CHASING THE FILM SPIRIT: FIVE FROM TSAI MING-LIANG
IN THEATER AND AT HOME THROUGH MARCH 26
Five modern classics from Tsai Ming-liang, haunted by the ghosts and portents of a culture in flux.
in theater
GOODBYE, DRAGON INN
TSAI MING-LIANG / 2003 / 82min / DCP
The Fu-Ho Grand, a movie palace in Taipei, is closing its doors. Its valedictory screening: King Hu’s 1967 wuxia epic Dragon Inn, playing to a motley smattering of spectators, including two stars of Hu’s original opus, Miao Tien and Shih Chun, watching their younger selves with tears in their eyes. Developing the slyest, most delicate of character arcs involving a lovelorn usherette, a Japanese tourist cruising for companionship, and an oblivious projectionist played by Lee Kang-sheng, Tsai crafts a film both powerfully plangent and deadpan funny. The sense that moviegoing as a communal experience is slipping away takes on a profound and painful resonance in Goodbye, Dragon Inn, a film too multifaceted to reduce to a simple valentine to the age of pre-VOD cinephilia.

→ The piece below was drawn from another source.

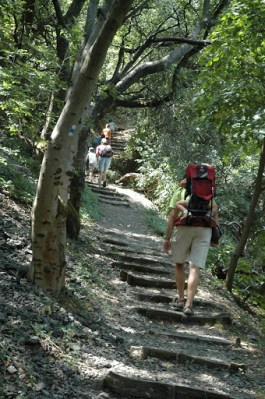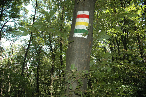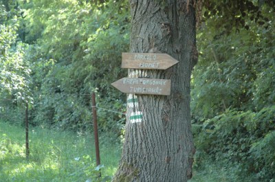 A parkolótól kicsit visszafelé megtaláltuk a sárgát, amit a könyv írt. Az is segített, hogy erre kint volt egy tábla, hogy ” Turistaház”, ami azért volt reményt keltő, mert a kulcsosház érintése szerepelt a túraleírásban is. Elindultunk hát ezen. Csodálkoztunk, hogy a fákon egyszer sárga, egyszer zöld jelzések voltak… majd a sárga hosszan eltűnt. Mígnem újra előkerült! Örültünk neki, szépen el is mentünk rajta jobbra, hiszen a sárga nyíl arra mutatott, a könyv meg azt írta, hogy szépen haladjunk csak a sárgán. Egy idő után kezdett gyanús lenni, hogy ez a sárga ösvény nem biztos, hogy jó lesz… Szűk, susnyás szakaszon vezet, alig-alig látszik az út, és ami még elkeserítőbb volt: mentünk újra lefelé! Egy idő után a jeleket is alig láttuk a fákon. Aztán nagy nehezen, a hat gyerekkel lekeveredtünk egy nagyobb útra. Ami olyan ismerős volt. Persze, mert tettünk egy teljesen értelmetlen kört, és ugyanoda visszaértünk, ahol fél órája már jártunk.

PLAYING AT METROGRAPH THROUGH MARCH 20
VIVE L'AMOUR
TSAI MING-LIANG / 1994 / 118min / DCP
Tsai’s second theatrical feature drew understandable comparisons to Antonioni’s chilly studies in urban ennui on its initial release, but this bizarre love triangle—Chen Chao-jung and Yang Kuei-mei meet for illicit rendezvous in an “empty” apartment in Taipei where, unbeknownst to them, a depressive Lee Kang-sheng is hiding out—found the Taiwanese master developing his own, utterly distinct style, distinguished by elegantly composed static takes, perverse deadpan comedy, and lovelorn longing. A disarmingly funny masterclass in cinematic economy and, in its final scene in the then-unfinished Daan Forest Park, utterly devastating.